Malatya Valiliği
Önceleri her mevsimde her yiyeceğin bulunamaması, yiyecek ve içecekleri saklayabilme imkânının olmaması, Malatyalıyı farklı çözüm yollarına yöneltmiştir.
Malatya’da kayısı, kızılcık, vişne, çilek ve ayvadan reçel ve marmelatlar ile meyve şurupları; erikten pelverde, üzüm ve duttan pestil ve pekmez yapılır. Bahçesi ya da meyve ağacı olanlar, kendi ihtiyaçlarını kendileri karşılar; bahçesi ve meyvesi olmayanlar ise Şire Pazarı’ndan bunların hazır yapılmışını alırlar.
Duttan kesmece yapılır. Meyveler kurutulur. Adına gah denir.
Sebze olarak, patlıcan, salatalık, kabak, domates, fasulye ve biber kurutulur. Kurutma işlemi, sebzeler oyularak ve doğranarak yapılır. Oyularak yapılana külah adı verilir. Turşu ve konserve yapılır. Peynir, salamura yapılır.
Tarhana yapılır, erişte ve çorbalık kesilir. Bulgur çeşitleri hazırlanır. Kavurma veya kıymalar, sucuklar yapılır.

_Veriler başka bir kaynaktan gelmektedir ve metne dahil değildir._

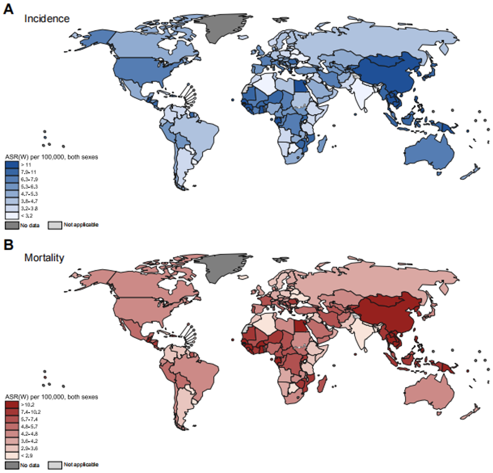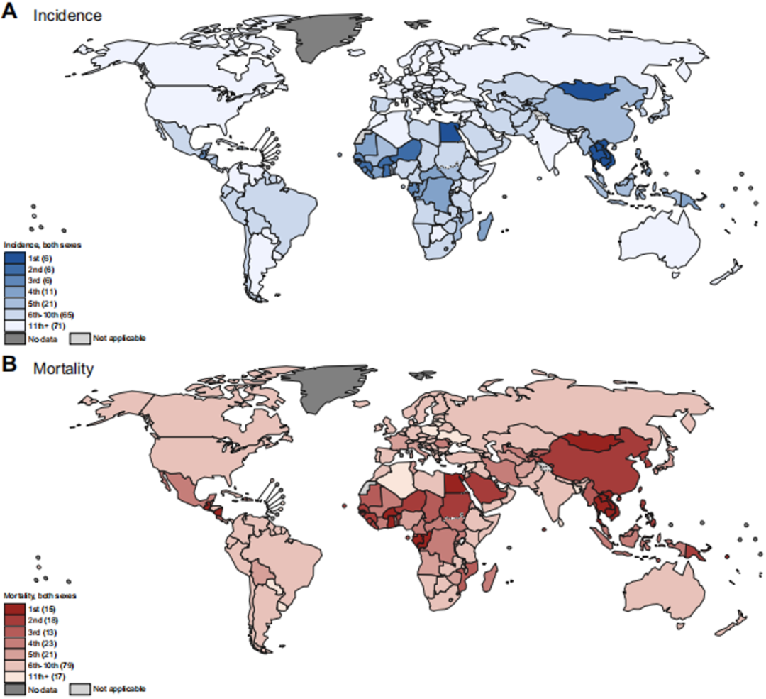 Harriet Rumgay等人的统计数据显示,肝癌是6个国家最常诊断的癌症,是18个国家最常诊断的三种癌症之一。就死亡率而言,肝癌是15个国家最常见的癌症死亡原因,是46个国家癌症死亡的前三大原因之一,是90个国家中癌症死亡的前五大原因之一。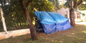 "Barraca montada no lado de fora da Casa de Passagem de Campo Mourão".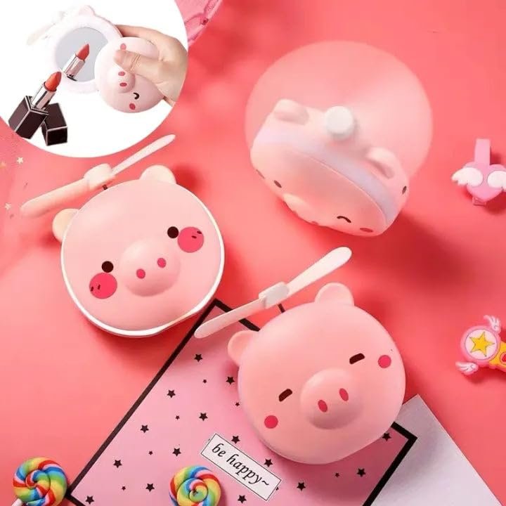 MINI VENTILADOR Y ESPEJO LED DE PALTITA Y CERDITO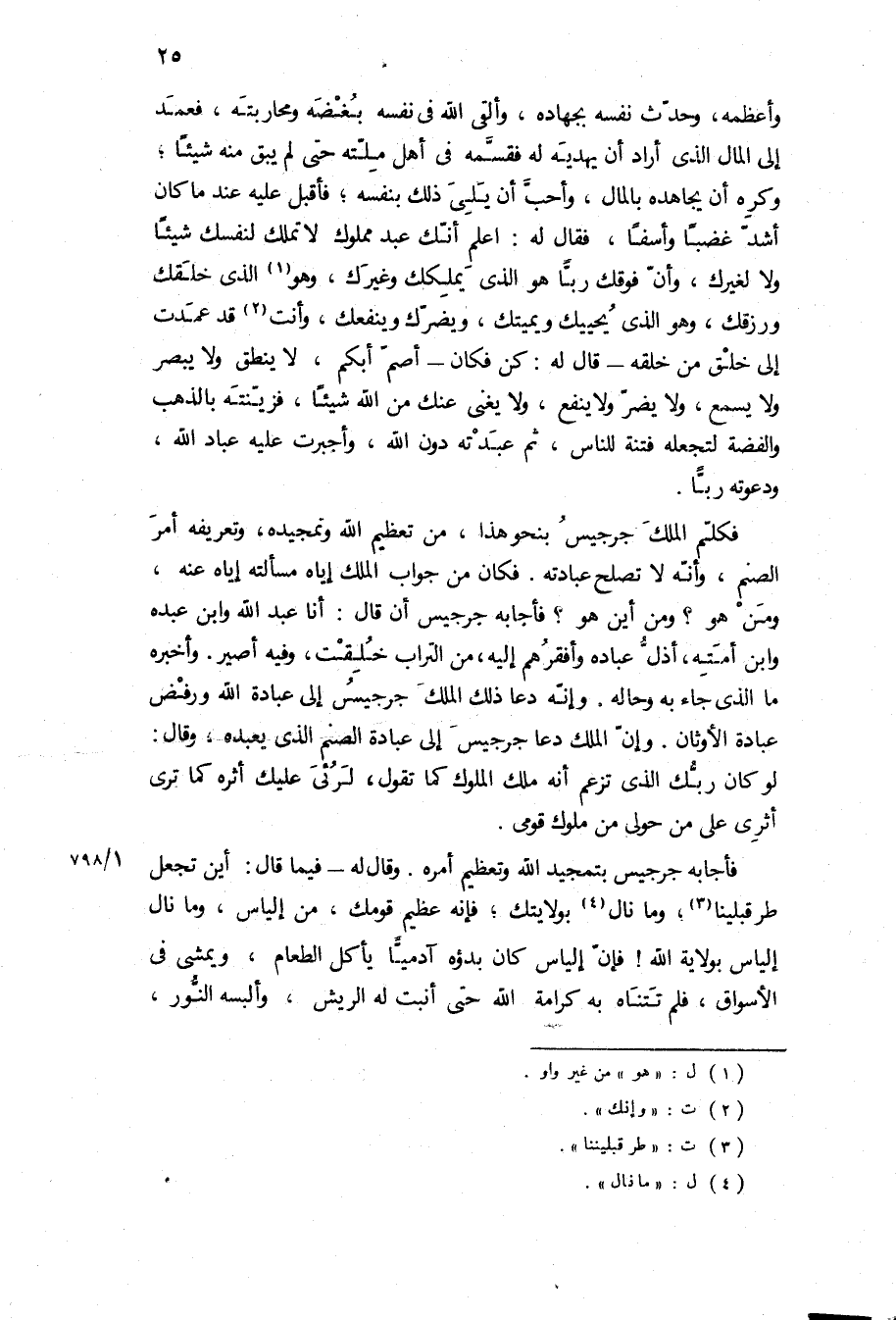 فأجابه جرجيس بتمجيد الله وتعظيم أمره وقال له- فيما قَالَ: أين تجعل طرقبلينا، وما نال بولايتك، فإنه عظيم قومك، من إلياس، وما نال إلياس بولاية الله! فإن إلياس كان بدؤه آدميا يأكل الطعام، ويمشي في الأسواق، فلم تتناه به كرامة الله حتى أنبت له الريش، وألبسه النور،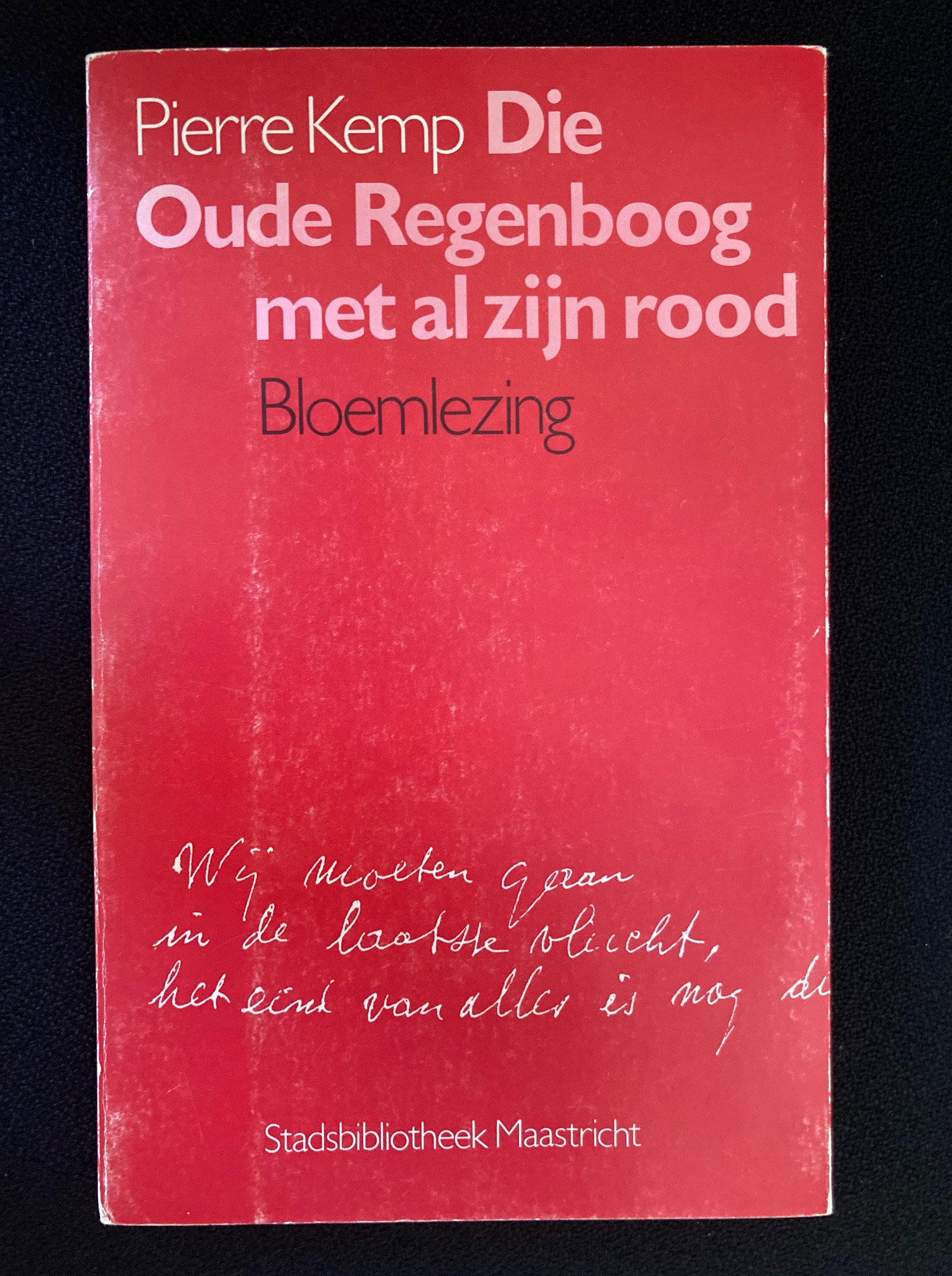 Ik merk dat ik de laatste tijd regelmatig gedichten plaats die de liefde als onderwerp hebben. Wellicht als tegengeluid tegen de agressors, de dictators, de oorlogshitsers, de machtswellustelingen en de haviken. Vandaag opnieuw een liefdesgedicht en nu van de Limburgse dichter en schilder Pierre Kemp (1886 – 1967). Van Loes kreeg ik het alleraardigste bundeltje ‘Die Oude Regenboog met al zijn rood’ (let niet op het hoofdlettergebruik, zo staat het in en op de bundel) een bloemlezing uit het werk van Kemp uit 1986, samengesteld en ingeleid door Rob Molin.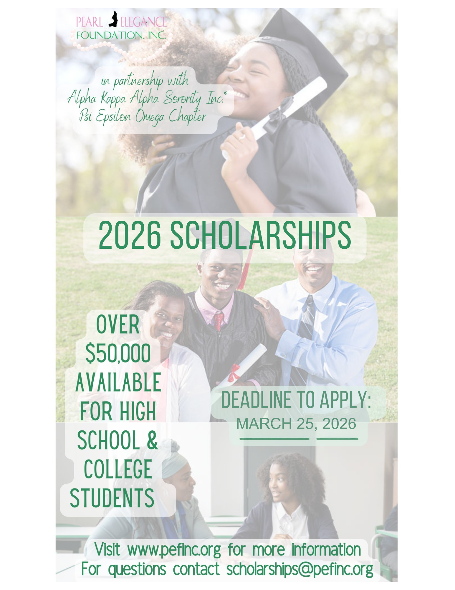 Immediate family (child, step-child, grandchild, sibling, step-sibling, niece and/or nephew) or members of Psi Epsilon Omega Chapter of Alpha Kappa Alpha Sorority, Inc.® are not eligible to apply.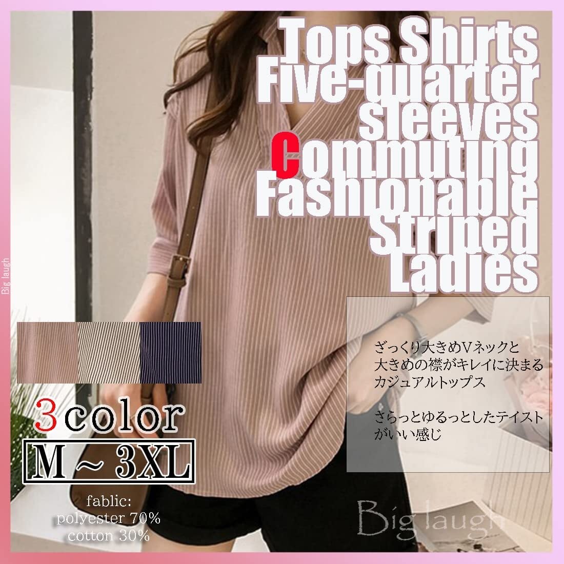 [ ビッグラフ ] トップス シャツ 5 分袖 通勤 お洒落 シルエット v ネック ブラウス カットソー ストライプ レディース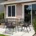 Relax with company, with this Outsunny five-piece dining set. Powder coated metal frames mean strong structures. Φ4.2cm central hole in table to hold parasol - keep shaded as you're all seated. Set includes: Four foldable armchairs and a matching square dining table.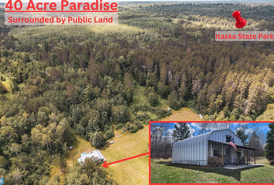 Here is your chance to own a little slice of the Majestic North woods. 40 Acres Surrounded by public land and Itasca state park. Cozy Steel Shell Cabin with Wood Stove Upper Loft Sleeping area as well as main floor bedroom, Newer 500 Gallon Propane Tank, Two New Enclosed Octagon Deer stands, LOBO's Bar restaurant just minutes away. Deer, Bear, Turkey, Grouse. Snowmobile, Ride your Mountain bikes, Side by Sides, This is truly a year round get away only minutes from the Headwaters of the Mississippi Headwaters. Owner/Broker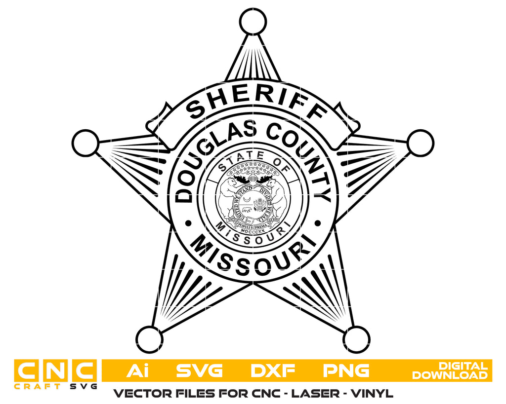 This Douglas County Missouri Sheriff Star Badge SVG is a high-precision vector design, perfect for professional fabrication. Featuring the classic six-pointed star with ball-tipped ends, the official State of Missouri seal (with the iconic two bears), and the "Sheriff" rank banner, this file is fully optimized with clean, closed paths to ensure flawless results on CNC routers, fiber lasers, and CO2 laser machines without any pixelation.

Sucuk bez torbalara veya bağırsağa konularak kurutulur.
İlde; nane, reyhan, anık ve maydanoz kurutulur. Eskiden kışların çok uzun ve soğuk olması nedeniyle halk, yazın bulabildiği her şeyi bir şekilde evinde saklamıştır.
Günümüzde de bu alışkanlıklar devam etmektedir.
Şimdilerde kış boyu saklanan tüm yiyeceklerin tazesini bulmak mümkündür. Ancak sağlık açısından kurutulmuş sebze ve meyveler tercih edilmektedir.
Önemli kış hazırlıklarından biri olan bulgur, değirmenden geldikten sonra bir an önce elenmesi için çevredeki konu komşu çağırılır. Hem bulgur elenir hem de tohinik helvası denen tatlı yenir. Bu tatlı, bulgur unu ile dut pekmezi karıştırılarak yoğrulur. Elde sıkma yapılarak yenir. Bu ismi almasının sebebi, insanın mısır ekmeği ve nişasta kurabiyesini yerken çektiği zorluk gibi, bu tatlıyı yerken de boğulacak gibi bir duyguya kapılmasıdır. Böyle bile olsa bu helva, değirmenden gelmenin adeta bir ödülü, en keyifli anıdır. Komşuların bir arada tatlı sohbetler etmesine vesile olur. Komşular, evlerine birer pişirimlik pilavlık bulgur ile giderler.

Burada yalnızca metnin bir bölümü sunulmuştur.